Claim Denial! Definitely not a river in Egypt!

Revenue Cycle ManagementHaving worked with Revenue Cycle professionals over the last few years, gives me a finer appreciation of the work that provider organizations have to do to get paid. We’ve all received those bills we thought that the insurance company would have taken care of and wondered why are we receiving this? Why can’t I get through to the company that has sent me this? Did I really get disconnected after holding on this phone for 15 minutes? Frustration can certainly mount. I know it does for my family when trying to figure out next steps. According to an article from Healthcare Finance that I recently read, the top 5 medical claim denials that are the most common are:

1) Duplicate claims – When hospital administration resubmit claims when they have not heard back from the payer and end up restarting the clock for that claim and end up mostly with a denial due to re-submission

2) Lack of information on the claim – When a claim is processed but due to human errors, information such as a date of birth or the spelling of a name is incorrect, the claim gets denied.:

3) Expiration of Eligibility – When both the patient and the provider organization are unaware that the insurance eligibility of a patient has expired with that organization. This is a common mistake that can be avoided if the provider does an eligibility verification before and during when the patient comes in for their appointment.

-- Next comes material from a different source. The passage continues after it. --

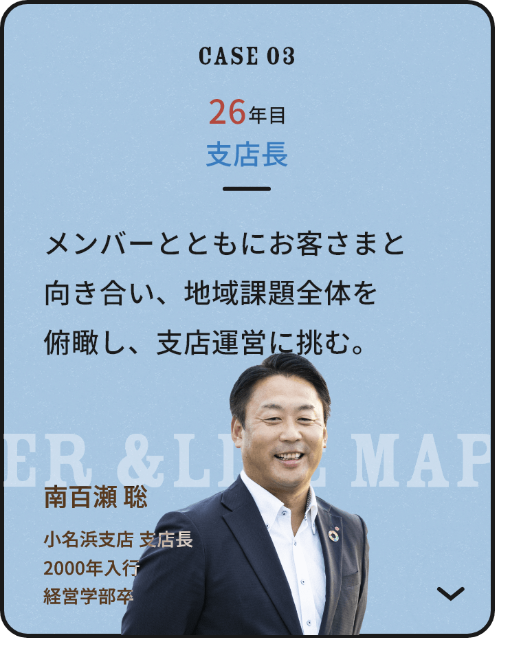 初めて自らの希望で営業店へ復帰。再び福島・小名浜で支店運営にあたる。奇しくもここは、自身が営業としてどうあるべきかを学ぶきっかけをくれた思い出の支店。当時携わったお客さまの会社が大きく成長され、支店長となった今また再会し、「あの時は支援してくれてありがとうございました」とのお言葉をいただけた時、地域のお客さまとともに歩んできたこれまでのキャリアに花を咲かせられたように感じ、改めて誇らしい思いを噛み締めた。

4) Claim not covered by the payer – Providers can easily avoid this by leveraging the ability to use real time verification capabilities.

5) Time limit expiration –  Basically, the provider did not send the claim in on time as apparently many times, smaller providers don’t focus on smaller claims, but want to make sure larger claims are paid leaving a lot of smaller claim dollars on the table that eventually add up.

All in all, payer organizations also leverage the system to their benefit as any organization would. It is up to the patient to understand their eligibility options and the provider to recoup the money that they are owed. There are many opportunities for revenue cycle improvements that are more often than not, simple to deduce, but more difficult to achieve.